The right of control over personal data that is reflected in data portability rights, has been extended in the European Union beyond personal data to include non-personal data generated through human interaction with digital products and services by the EU Data Act. Thus, data about one’s connected car (for example, about its road or engine performance) is generated through the driver’s activities, but it is not personal data. Yet the Data Act would give the individual the right to obtain that data — or to port it to a service provider of their choice. Rights under the Data Act can also be exercised by organizations whose activities generate data. These rights — under both the GDPR and the Data Act — recognize the value of data and give greater control to those who are essentially its co-creators. According to recital 15 of the Data Act, “the data represent the digitisation of user actions and events and should accordingly be accessible to the user.”3
Conclusion
Although the link between personal data and the individual is grounded in clearly recognized privacy rights, there may be rights in data that go beyond those of the individuals who are the original source. Interests may also extend beyond privacy rights, with the ability to exercise control over data offering a growing range of benefits for individuals or groups. These may include better or more competitive services (as where porting one’s data permits access to different service providers) or downstream benefits (as where the exercise of collective interests in data gives a community the ability to insist on some form of give-back).
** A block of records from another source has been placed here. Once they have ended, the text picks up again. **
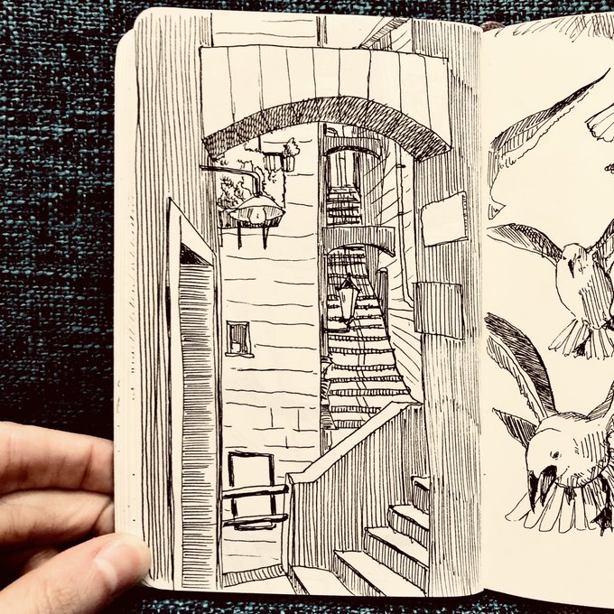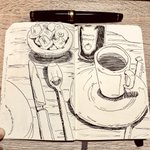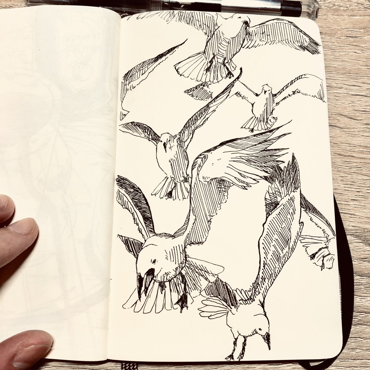 ミスったカフェと、カクノEFミリペン並みに細いな〜と思いながら描いたカモメ群。 カクノ以外でEF(国産の細さ)欲しい。おすすめあれば教えてください。 #万年筆 #セーラー万年筆 #モレスキン #moleskine #絵描きさんと繋がりたい #illustraion #イラスト #ペン画 #手帳 #アナログ画
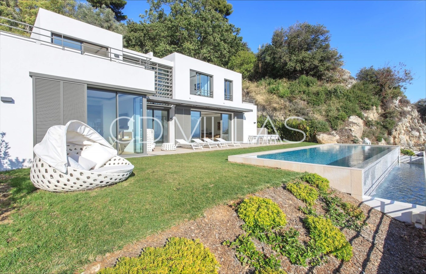 Wunderschöne Villa mit 4 Schlafzimmern in den Höhen von Nizza in einer ruhigen und privaten Umgebung mit Infinity-Pool und herrlichem Blick über die Stadt und das Meer.
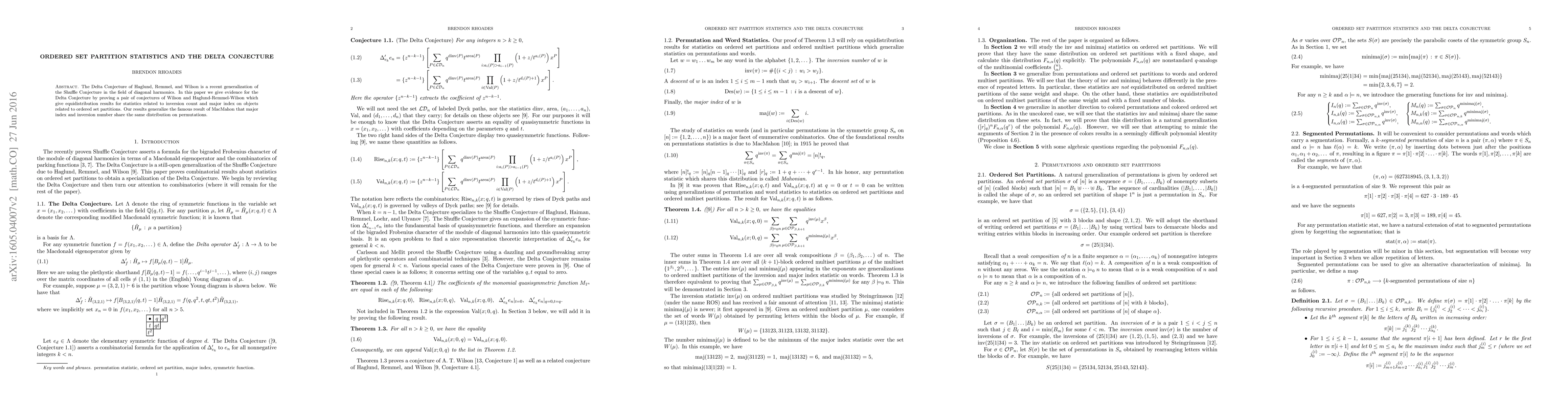 This paper provides evidence for the Delta Conjecture by proving key conjectures related to inversion count and major index in ordered set partitions, generalizing MacMahon's result on permutations.
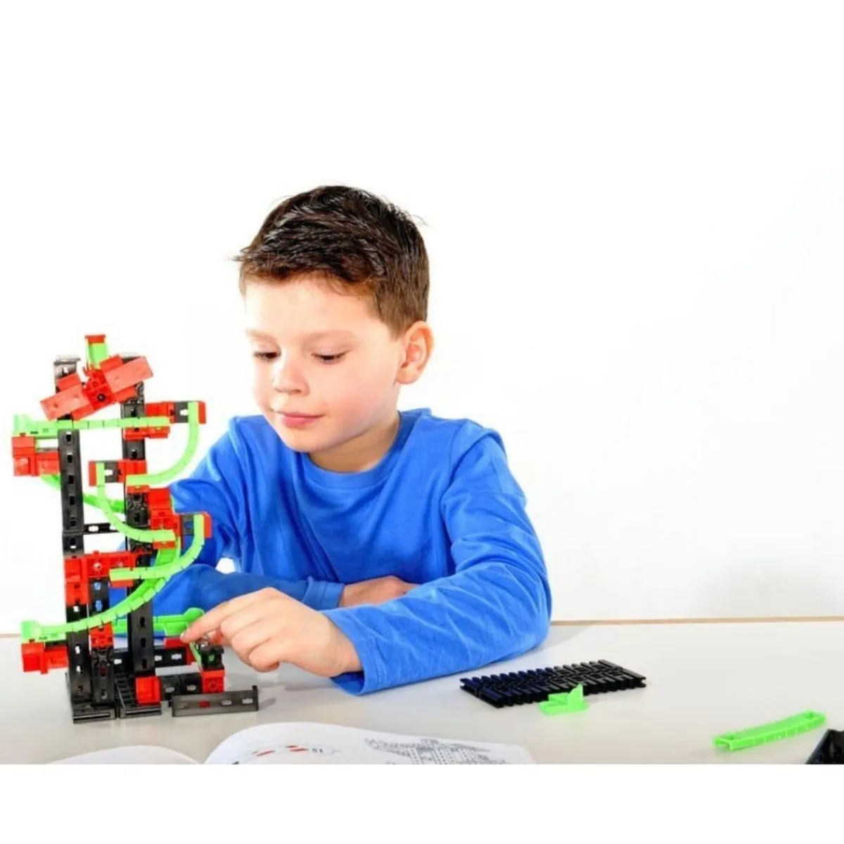 Las bolas se recogen al final de la pista y pueden recuperarse fácilmente. Con más de 140 piezas y las instrucciones de construcción, se pueden construir tres impresionantes modelos de circuitos de bolas. Además, los jóvenes ingenieros pueden diseñar una cantidad prácticamente ilimitada de nuevos recorridos según sus propias ideas.
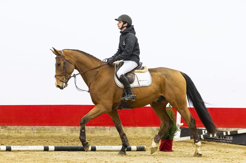 Rodyn is a modern, long-lined sport horse who is still green under saddle but already demonstrates considerable quality. He has a powerful canter, correct basic gaits, and clearly shows scope over the jumps. He is easy to handle and exhibits a calm, willing attitude, which makes daily training a pleasure. In type, he is attractive and correctly conformed, with a modern sport horse build. He is at the beginning of his training but clearly shows potential for further development. His sire, Carrera VDL, competed himself at 1.60 m Grand Prix level under Jur Vrieling and is a well-established name in international breeding. He has produced several top-level horses such as Greatest Boy-H (1.70 m), Mister Jup (1.65 m), and Good Farming HS (1.60 m). His offspring are known for their scope, rideability, and modern jumping style, all qualities that are evident in Rodyn. The damline is strongly performance-oriented. Dam Chiva (by L’Esprit) comes from a proven sport family. From this damline, Juwel SFN (by Etoulon VDL) successfully competes at 1.55 m level with international CSI3* and CSI4* results. Granddam Viva (by Lauriston) produced several sport horses, including Boucheron (1.30 m). Further back, there are many proven performers such as Never Mind 22 (1.60 m), Tumbling Down (1.45 m), Kimberly (1.40 m), and Isabel Santana (1.45 m). This family demonstrates consistent sporting success across multiple generations. Rodyn combines a modern type, scope, and a willing attitude with a well-established performance pedigree, making him a very promising prospect for the future.

While data protection laws have typically also balanced privacy rights against competing interests in the use of personal data, new legislated approaches to data are beginning to recognize the interests of individuals not just as data subjects, but as co-creators of data in certain contexts. This adds a different type of weight in any balancing of interests — indeed, it alters the nature of the interests. None of this should come as a surprise. As the social and economic importance of data continues to grow, it is natural that how we understand and negotiate the different interests in that data will also change. The signs of this change are becoming evident in both emerging legal frameworks and in novel claims by individuals, groups and communities. As these changes begin to shape domestic approaches, they may also pose new challenges to international data governance frameworks.